- AVAILABLE DATA
-------

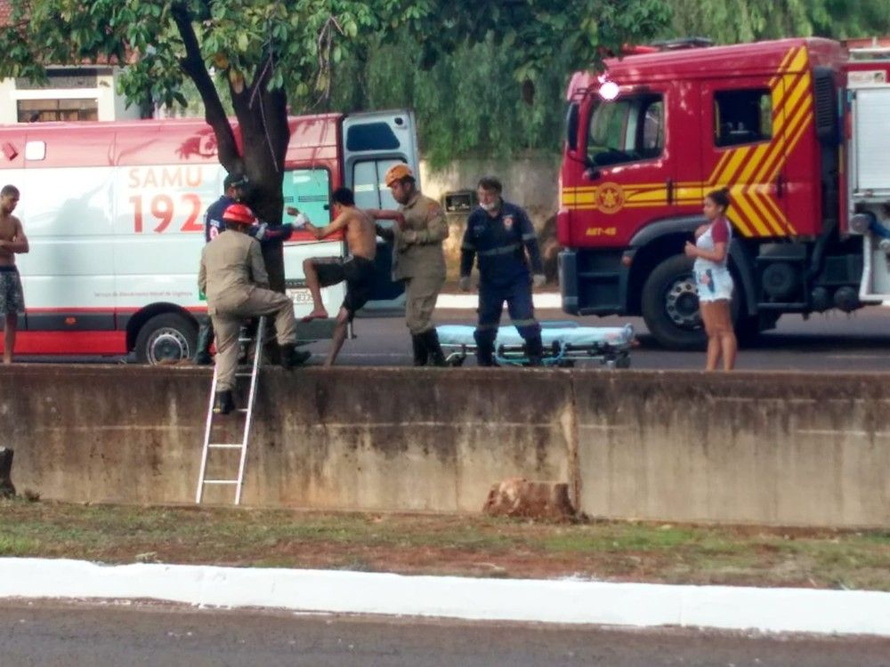 Um rapaz foi resgatado de dentro do córrego Segredo, no bairro Cabreúva, em Campo Grande, por volta das 6h desta sexta-feira (17). Ele caiu de uma altura de cerca de 6 metros.
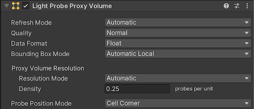 包围体内的插值光照探针的数量受 Proxy Volume Resolution 属性的影响。有两个选项:
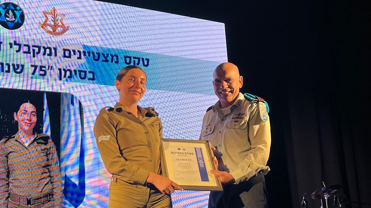 בטקס מצטייני רמ"ט אכ"א, תת-אלוף יורם כנפו. בין כלל המצטיינים נבחרה רב"ט עמית בכר מהרצליה שמשרת כמש"קית מטה בענף איתור נעדרים.
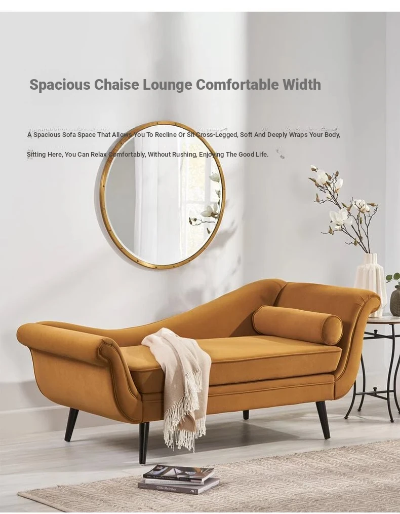 American Style Upholstered Chaise Lounge - Elegant Velvet Daybed for Small Spaces, Perfect Single Lazy Sofa Chair, Minimalist Luxury Design for Your Bedroom

-------

- TASK DETAILS
Set down all of the material above exactly as written, leaving the pictures out.

- ANSWER SECTION
 Um rapaz foi resgatado de dentro do córrego Segredo, no bairro Cabreúva, em Campo Grande, por volta das 6h desta sexta-feira (17). Ele caiu de uma altura de cerca de 6 metros.
 包围体内的插值光照探针的数量受 Proxy Volume Resolution 属性的影响。有两个选项:
 בטקס מצטייני רמ"ט אכ"א, תת-אלוף יורם כנפו. בין כלל המצטיינים נבחרה רב"ט עמית בכר מהרצליה שמשרת כמש"קית מטה בענף איתור נעדרים.
 American Style Upholstered Chaise Lounge - Elegant Velvet Daybed for Small Spaces, Perfect Single Lazy Sofa Chair, Minimalist Luxury Design for Your Bedroom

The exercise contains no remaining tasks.